[FEA] On-demand size computation to solve #65 and #39
In order to support fully asynchronous bulk operations, e.g., for multi-GPU hash tables, as requested in #65, we need to rethink the way we compute the table's size.
For now, insert tracks the number of successful insertions on-the-fly. After the kernel has finished, we copy the number back to the host and add it to the size_ member. This implies that insert synchronizes with the host.
In order to overcome this limitation for cuco::static_reduction_map (PR #98), 902b93a proposes a standalone size computation based on thrust::count_if and also implements fully asynchronous bulk operations.

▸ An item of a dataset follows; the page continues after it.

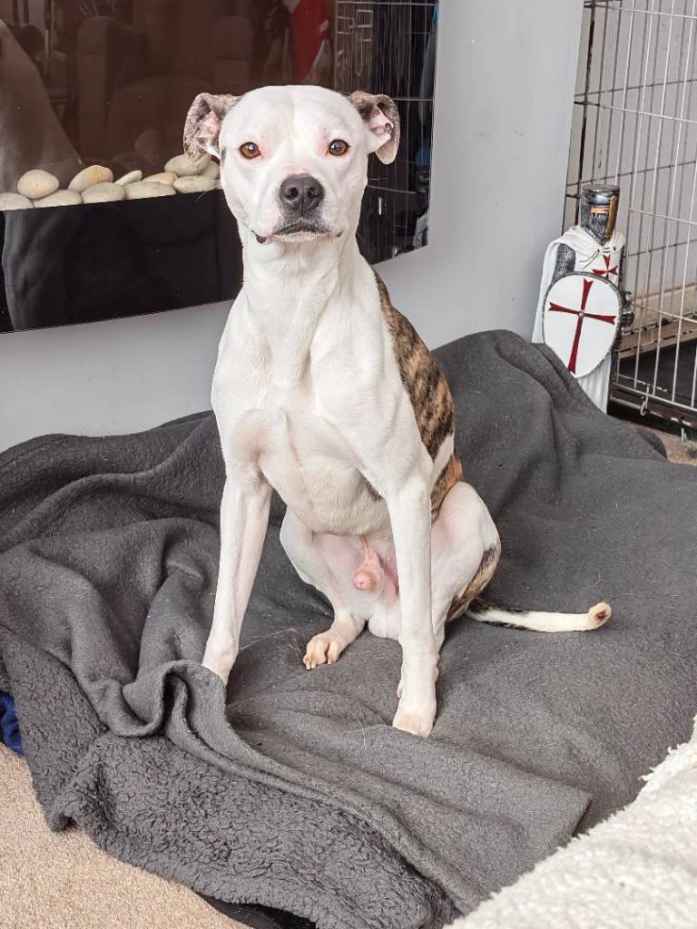 Moose was bought in November 2023, and it’s a cross Whippet Staffie. He is basically a cat in a dogs body. He would gladly sit on your lap or next to you, under a blanket all night long. He is a typical Staffie as he can whine, but he is loving and gentle. He has what we call a “princess bottom” prefers to sit on Bear or a blanket instead of his butt on the cold floor. Lol

The size computation using thrust::count_if shows near SOL performance in terms of throughput.
Additionally, since we do not need to reduce the number of added pairs during insertion, the overall performance of the insert bulk operation improves by ~3-5%.
IMHO we should also add this feature to the other hash table implementations.

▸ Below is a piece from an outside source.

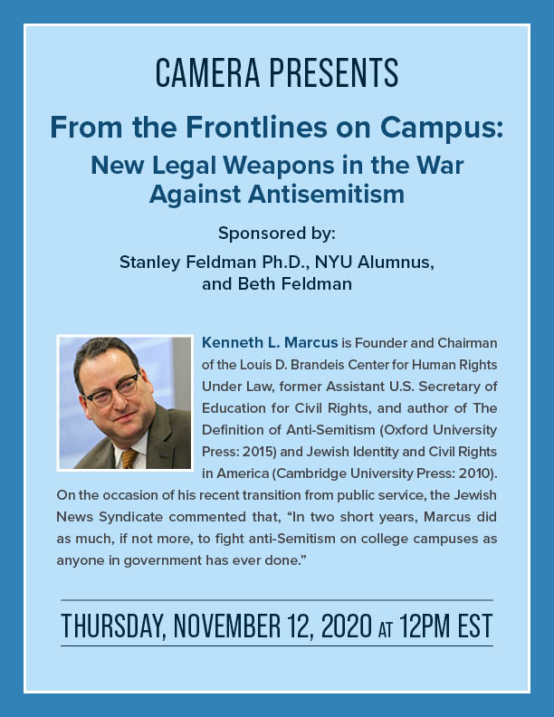 CAMERA presents Kenneth L. Marcus, Founder and Chairman at the Brandeis Center, this Thursday, November 12 at noon / 12 pm (Eastern) to discuss new legal weapons on the war against anti-semitism on campus. For the CAMERA flyer, click here. To register, click here.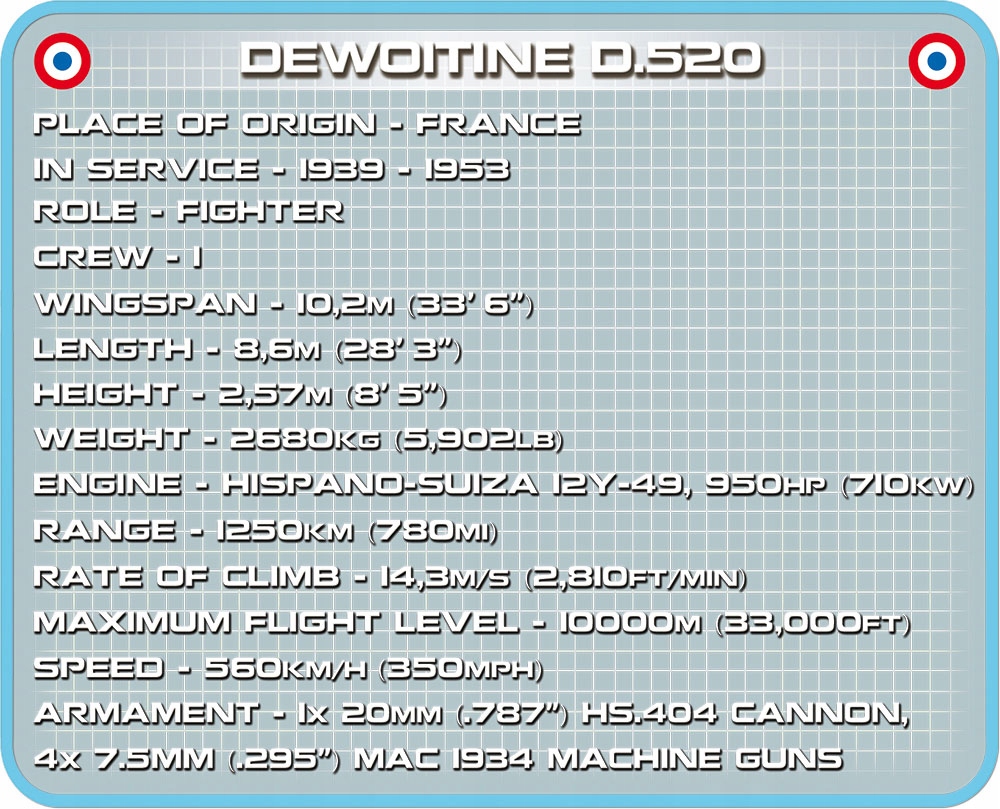 Po raz pierwszy w ofercie COBI pojawił się najnowocześniejszy francuski myśliwiec z okresu II wojny światowej. Dewoitine D.520 został zaprojektowany i zbudowany w 1938 roku w wytwórni lotniczej Société nationale des constructions aéronautiques du Midi. Samolot Dewoitine D.520 był jednomiejscowym samolotem myśliwskim, dolnopłatem o konstrukcji całkowicie metalowej. Produkowany seryjnie od marca 1939 roku. Produkcji samolotu nie przerwała kapitulacja Francji w 1940 roku. Kolejne egzemplarze powstawały na potrzeby rządu Vichy, Luftwaffe oraz armii włoskiej, bułgarskiej i rumuńskiej. Polscy piloci broniący Francji zostali wyposażeni w 26 samolotów tego typu podczas niemieckiej inwazji w 1940 roku. Łącznie wyprodukowano ok. 755 sztuk myśliwca. Konstrukcja okazała się na tyle dobra, że samolot po wojnie pozostawał w służbie aż do 1953 roku.

This feature also implicitly solves issue #39.
Can you benchmark doing a insert() followed by size() with both approaches?
Benchmark setup:
- Tesla V100 SXM2
- Insert 10^8 distinct 4+4 byte key/value pairs
- Baseline is the old
insert(), i.e., with implicit size computation - Comparison against new
insert(), i.e., without size computation as well asinsert()+size()to emulate the behaviour of the baseline version. - Graph below shows speedup/speedown over varying target load factors

Same but for 8+8 byte key/value pairs:

I'm not quite sure why the performance of the standalone size() is slightly worse compared to 4+4 byte pairs.
Maybe my approach of converting a slot into a thrust::tuple to be fed into the thrust::count_if predicate is not neccessary:
https://github.com/sleeepyjack/cuCollections/blob/902b93a64c3c07fbc0108bdba56b2bbc6e1f9b55/include/cuco/detail/static_reduction_map.inl#L188
We could also use cud::DeviceReduce::Reduce with an iterator over the key fields in all slots.